There are some major ambiguities in the statutory and legislative history surrounding the tax implications of AAA. Although the IRS has provided its opinion, they have also agreed to some extent with the contrary arguments raised in this article.
Resetting AAA for an S corporation reelecting S status could have a chilling effect on shareholders, who might have to pay tax on any C corporation E&P distributions. This could also have a major tax impact on shareholders whose S election was terminated through no fault of their own.

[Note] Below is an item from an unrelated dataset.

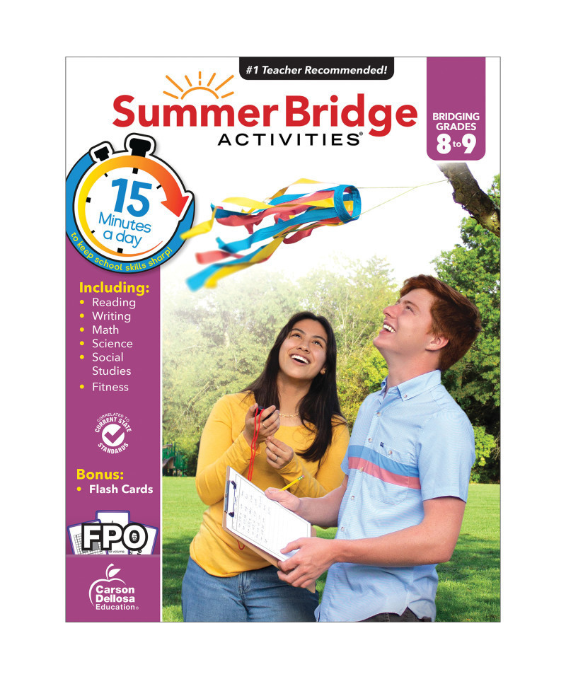 Summer Bridge Activities: Bridging Grades 8-9 gives students a head start for their ninth-grade year. Review eighth-grade skills such as square roots and conducting research for writing while preparing for ninth-grade skills such as algebra and writing informative texts.

There are some major ambiguities in the statutory and legislative history surrounding the tax implications of AAA. Although the IRS has provided its opinion on the matter, they have also agreed to some extent with the contrary arguments raised in this article.
Because the OCC’s ruling cannot be cited as precedent by other taxpayers or by IRS personnel, another situation with similar facts heard by a court of original jurisdiction (e.g., Tax Court, District Court, etc.) could potentially result in a different finding. This poses a tax-planning risk to corporations. In the authors’ opinion, Congress or the Treasury Department should clarify IRC section 1368 so that its intention is indisputable. In the meantime, CPAs should proceed with care when advising corporate clients on transfers to or from S corporation status.